Both file and commit contain changes clouseau should flag. SSN is 167-99-0000  Line:1
_ _ _ _ _ _ _ _ _ _ _ _ _ _ _ _ _ _ _ _ _ _ _ _ _ _ _ _ _ _ _ _ _ _ _ _ _ _ _ _ _ _ _ _ _ _ _ _ _ _ _ _ _ _ _ _ _ _ _ _

✓  hooktest2.txt
Search term:  [0-9]{1,3}\.[0-9]{1,3}\.[0-9]{1,3}\.[0-9]{1,3}
https://github.com/marcesher/cato/commit/867c3ab938becbafb96d922e0f8134b1f0faf354
Author: Marc Esher <marc.esher@gmail.com> Date:   Tue Feb 25 09:28:34 2014 -0500
Clouseau should flag some stuff here

+My IP is 127.2.3.5  Line:6
_ _ _ _ _ _ _ _ _ _ _ _ _ _ _ _ _ _ _ _ _ _ _ _ _ _ _ _ _ _ _ _ _ _ _ _ _ _ _ _ _ _ _ _ _ _ _ _ _ _ _ _ _ _ _ _ _ _ _ _

✓  hooktest.txt
Search term:  username[ ]*=[ ]*.+
https://github.com/marcesher/cato/commit/3768636cc08d3d3ad21f14c01256e52f082c5ad1
Author: Marc Esher <marc.esher@gmail.com> Date:   Tue Feb 25 09:52:00 2014 -0500
Both file and commit contain changes clouseau should flag. SSN is 167-99-0000

+My  username="TheKidDontPlay"  Line:15
_ _ _ _ _ _ _ _ _ _ _ _ _ _ _ _ _ _ _ _ _ _ _ _ _ _ _ _ _ _ _ _ _ _ _ _ _ _ _ _ _ _ _ _ _ _ _ _ _ _ _ _ _ _ _ _ _ _ _ _

-------------------------------------------------------------------------------
      What do you do when you find something that should't be there?
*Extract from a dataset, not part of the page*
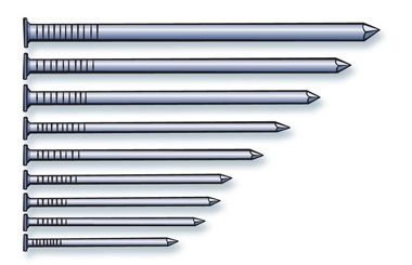 Existen excepciones: los clavos 12d miden 3¼ pulgadas de longitud, los clavos 16d miden 3½ pulgadas de longitud y los clavos 20d miden 4 pulgadas de longitud. A partir de ahí, cada 10d se agrega otra ½ pulgada, por lo tanto, un clavo 50d mide 5½ pulgadas de longitud. El clavo más común para proyectos de exteriores es el clavo común galvanizado 16d.

         https://help.github.com/articles/remove-sensitive-data
-------------------------------------------------------------------------------
marcesher commented 10 years ago

@dlapiduz @virtix Running as a post-commit hook is now supported and documented in the parse_commit branch. Once I add proper unit tests, I'll merge to master.